“Home,” I said. “Sleep.”

“You sure you want to go home?”

“Don’t know what else my choices are. I mean, I either go home, or I never go home, right?”

“I’m just asking if you’re up to it.”

“I’m upper to it now than I was before I called you. Daylight makes it better, I think. I should probably do some shopping, get some groceries in.”

“I’ll keep you company.”

I glanced at him suspiciously. “Overprotective much?”

“Only when you let me.”

“Mikel.”

“Let me keep you company,” he said gently. “We’ll go shopping, I’ll go back to your place with you, I’ll look around, we’ll call the Scanalert people and tell them to turn your system back on. It’ll make me feel better.”

I thought about protesting, but didn’t really want to. I didn’t want him to see that I thought he was being really sweet, either, so instead I shrugged and headed back to my Jeep, telling him I wanted to go to Fred Meyer. He followed me down Sandy Boulevard, and when I checked in my rearview mirror, I could see him behind his wheel, watching my progress and the traffic, all the while talking on his mobile phone. He caught me looking at the light and gave me a grin.

I grinned back and shook my head. For all his many faults, I adore my brother.

He almost makes up for our fuck-awful parents.

We stopped by the bank first, so I could get some cash out of the ATM, and I checked all my accounts, not just my savings. It was the first time I’d actually seen my balance in months, and I was a little surprised at the numbers. According to my checking balance alone, I was maybe a very rich girl, indeed.

The machine only let me withdraw four hundred dollars, and I took it to the Fred Meyer on Broadway. Freddy’s is a mammoth combo-store, groceries and clothing and household supplies, and a couple of them even have electronics and jewelry departments, and I’ve never been in one when it wasn’t busy, no matter what time of day or night. Freddy’s also has the slowest checkers in the world, which doesn’t help things. But for one-stop shopping in the Portland metro area, it can’t be beat.

We were there about an hour, getting everything I needed or might need to reactivate my life at home. It would have taken less time, but I got cornered early in the cereal aisle by three teens, two girls and a guy who should have been in school. Either the news hadn’t broken yet or they hadn’t heard, because they immediately started looking for Van and Click, as if we all three did our shopping together.

I asked them their names and introduced them to my brother. We talked about how amazing Van and Click were, and then I told them that I had to get back home because it was past my bedtime. They laughed.

“You’re my favorite,” one of the girls told me. “You kick total ass.”

They went away, toward baking supplies. Mikel was smiling slightly.

“It’s not a thing,” I told him.

“You can be very nice when you want to be. Very gracious.”

“They’re not asking for much.”

“Suppose that depends on where you’re standing.”

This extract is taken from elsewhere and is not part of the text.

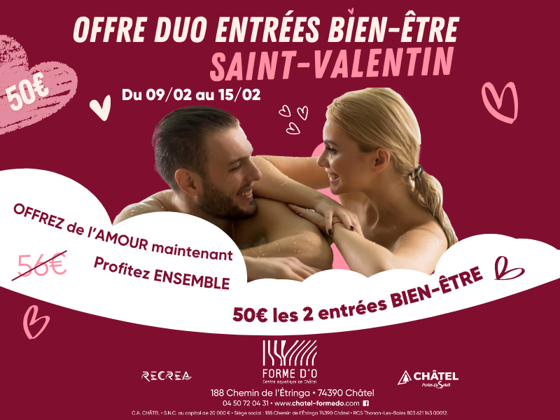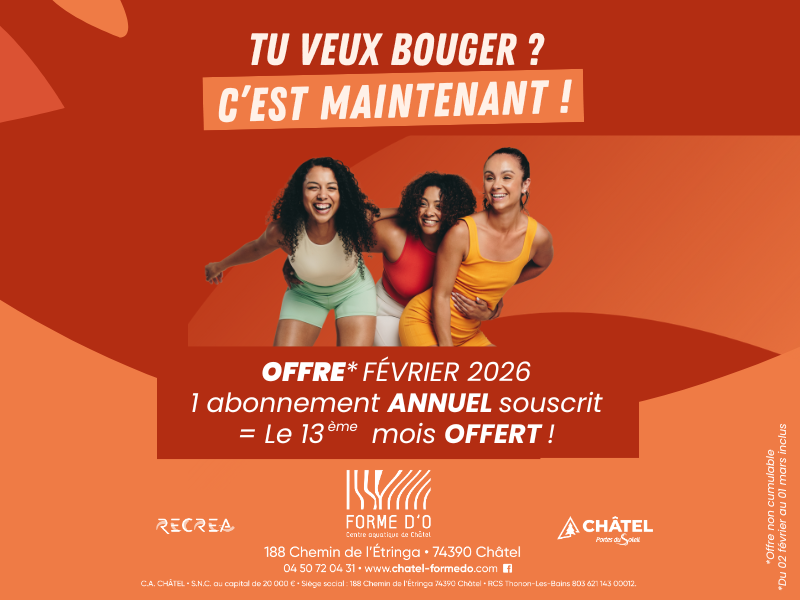 DécouvrirLe centre aquatique Forme d'O se situe à Châtel en plein cœur des montagnes. Son espace aquatique saura satisfaire toute la famille grâce à ses trois bassins : un bassin sportif de 25m pouvant aller jusqu'à 3 couloirs de nages pour perfectionner ses longueurs, un bassin de loisir réservé aux activités et aux enfants, et un bassin extérieur de 200m² ouvert toute l'année. Pour profiter d'une bulle de bien-être, l'espace Océane est accessible à toutes personnes en quête de détente (bassin bien-être, saunas, hammams, douches massantes). Des gommages, massages et soins sont proposés dans votre centre aquatique pour prolonger les plaisirs. Une salle de sport est également à disposition avec appareils de musculation pour se remettre en forme.
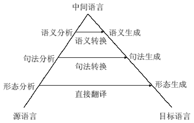 Machine translation is essentially a simulation of human thinking and language activities. Its paradigm can be seen in the followlling diagram.

I dropped two boxes of shredded wheat in the already full shopping cart. The baking supplies aisle was down below our position on cereal, and I could see the three kids picking out bags of chocolate chips. One of them was looking back at me, speaking to the others, and she waved when she saw my look, so I waved back, then turned away.

“I’m twenty-six,” I told Mikel. “I own a house, I could buy five or six others just like it. I own more guitars than I could ever need, more amps than I can possibly use, I’ve got a platinum American Express card life. I don’t have to look at the prices when I’m shopping for groceries at Fred Meyer, because they will never stock something I can’t afford.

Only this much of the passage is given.